Die Verwaltungsschale als standardisierter „Digitaler Zwilling“

Interoperabilität ist neben Souveränität und Nachhaltigkeit eine Säule des Leitbilds für die Industrie 4.0 und genau in diesem Handlungsfeld geht es um Standards und Integration. Gerade bei unseren Kunden im Maschinen- und Anlagenbau ist Integration ein großes Thema und damit auch die Verwaltungsschale (VwS, AAS: Asset Administration Shell), da sie hilft, diese Integration durch Standards zu erleichtern und zukunftsfähig zu gestalten.

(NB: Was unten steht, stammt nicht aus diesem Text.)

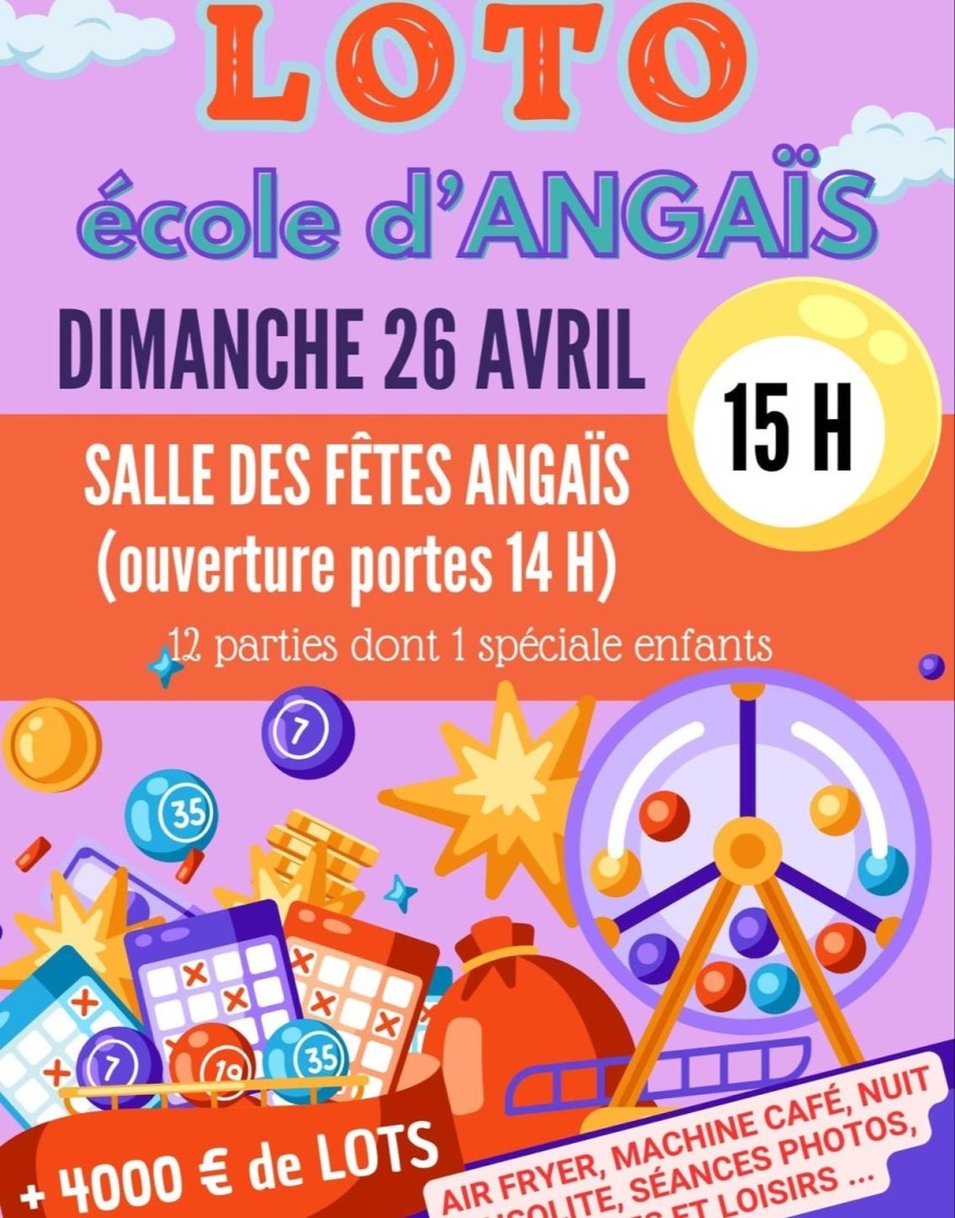 Participez à un moment convivial et solidaire avec le loto organisé par l’association des parents d’élèves au profit de l’école d’Angaïs.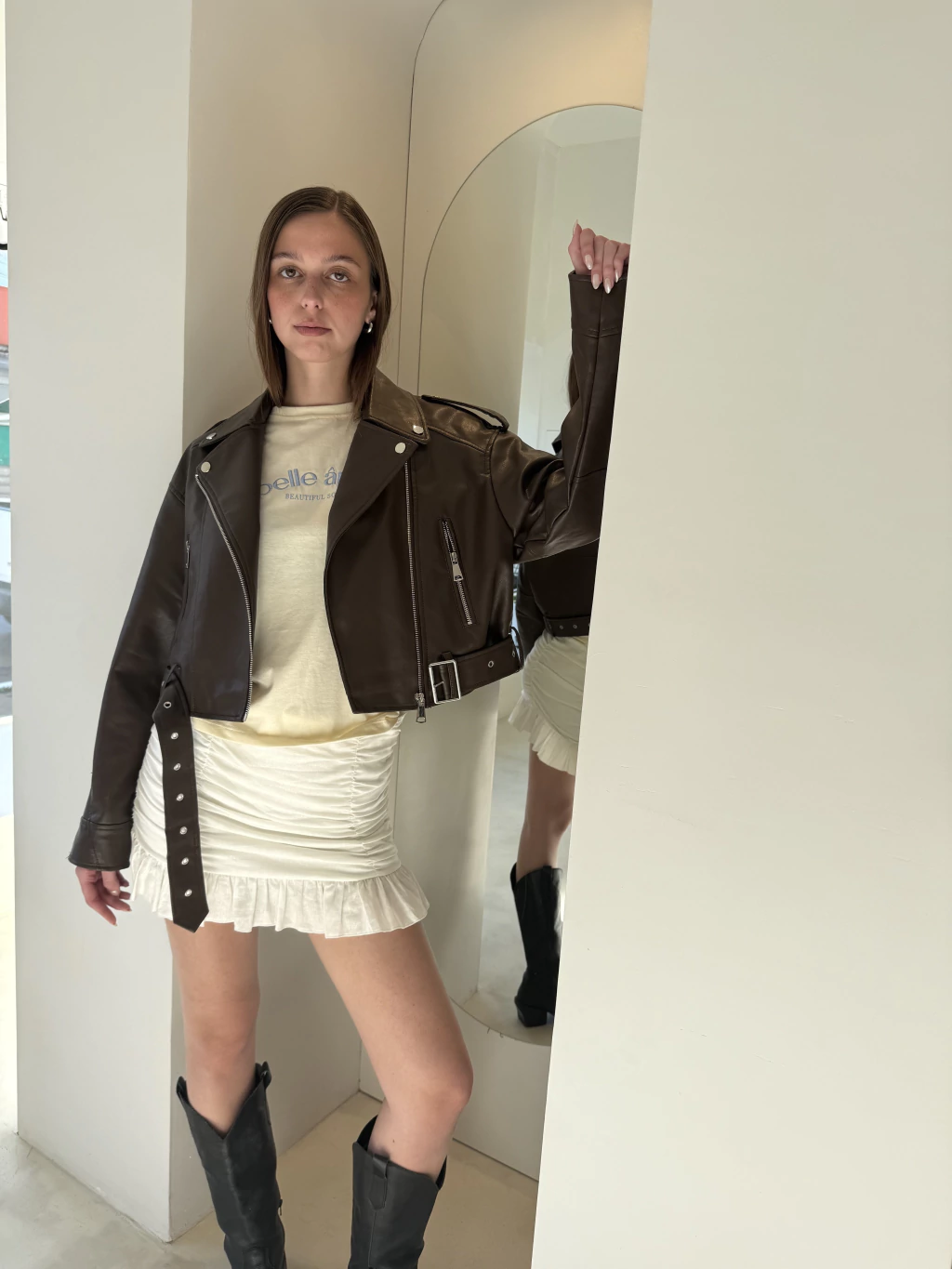Pollera confeccionada en lino de alta calidad, toda forrada por dentro, ideal para quienes buscan comodidad y elegancia. Presenta un frunce en el delantero que realza la silueta y un volado en la parte inferior que aporta movimiento y frescura. Cuenta con un cierre de acceso práctico y discreto. Perfecta para combinar en cualquier ocasión, esta pollera es una pieza versátil y sofisticada.
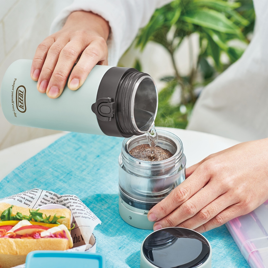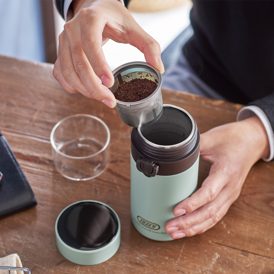 どこでも好きな時に、淹れたての美味しいコーヒー/お茶が楽しめる、ドリッパーと真空断熱ボトルがセットになった携帯式のブリューボトル。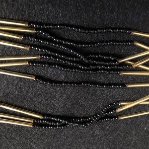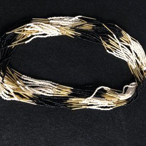 It is a very long multi-strand necklace, with white, black, and brown beads, and in very good pre-owned condition.
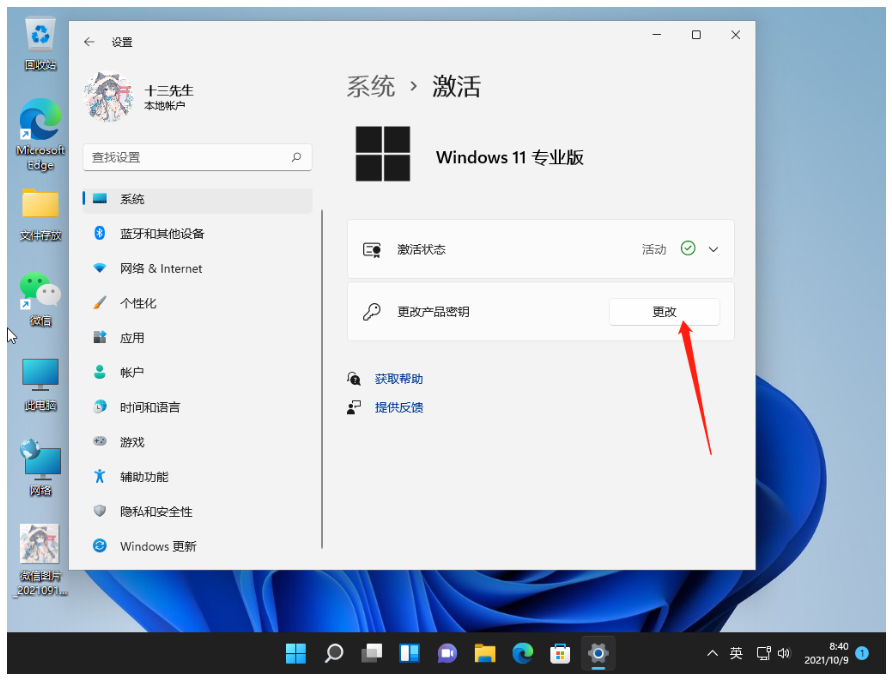 3、接著點擊更改產(chǎn)品密鑰
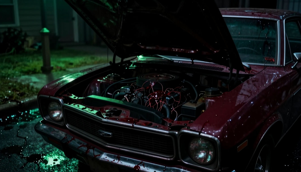 Утром машина выглядела почти нормально. Чуть более блестящей, чуть более… удовлетворённой. Во дворе не осталось следов борьбы. Только капля крови на асфальте — тёмная, вязкая, словно масло. И слабый запах гнили, который быстро развеял ветер.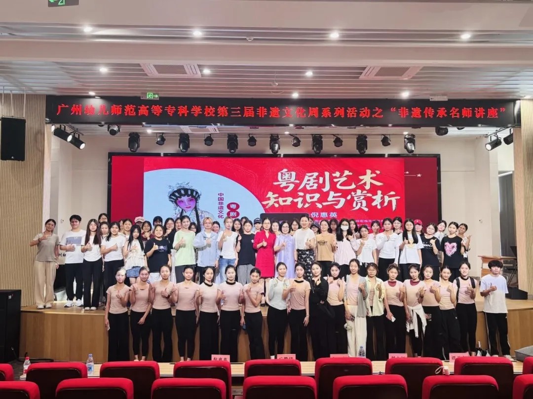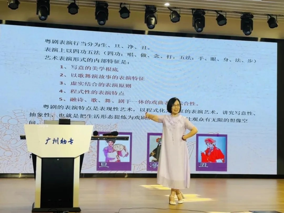 2025年6月,广州幼儿师范高等专科学校第三届非遗文化周的首场“非遗传承名师讲坛” 邀请了广东省戏剧家协会主席、著名粤剧艺术家倪惠英女士莅临我校开展讲座,对传统粤剧的标准与在实际演出中的技巧特点进行了分享与教学。讲座开始前,学校党委书记、行政负责人丘毅清为倪惠英颁发广州幼儿师范高等专科学校客座教授聘书,这标志着我校进一步推进了在非遗与美育教育的教学力量。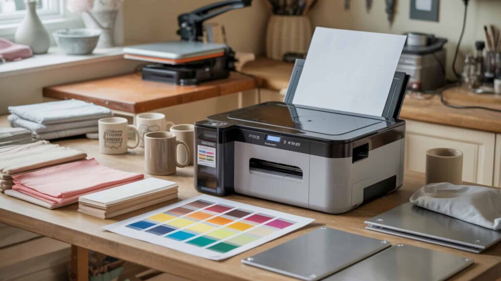 Proven Epson EcoTank ET-8550 Sublimation Review in 2026A home studio comparing advanced printer setups with common craft blanks and transfers.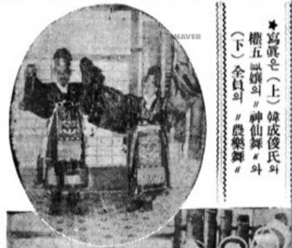 도판 4. 신선무 복장을 입었다고 소개되는 한성준과 권오봉(Han sung-jun and Kwon Oh-bong Introduced in the Attire of Sinseonmu). “사진은 상(上) 한성준씨와 권오봉양의 신선무와 하(下) 전원의 농악무” 1940. |

Im Interview erklärt Christian Heinrich von XITASO, was genau die Verwaltungsschale ist und in welchen Use Cases sie konkret unterstützen kann. Ein Projekt mit unserem Kunden Wittenstein SE gibt dabei Einblicke in die Praxis.

In zwei Sätzen erklärt: Was ist denn diese Verwaltungsschale?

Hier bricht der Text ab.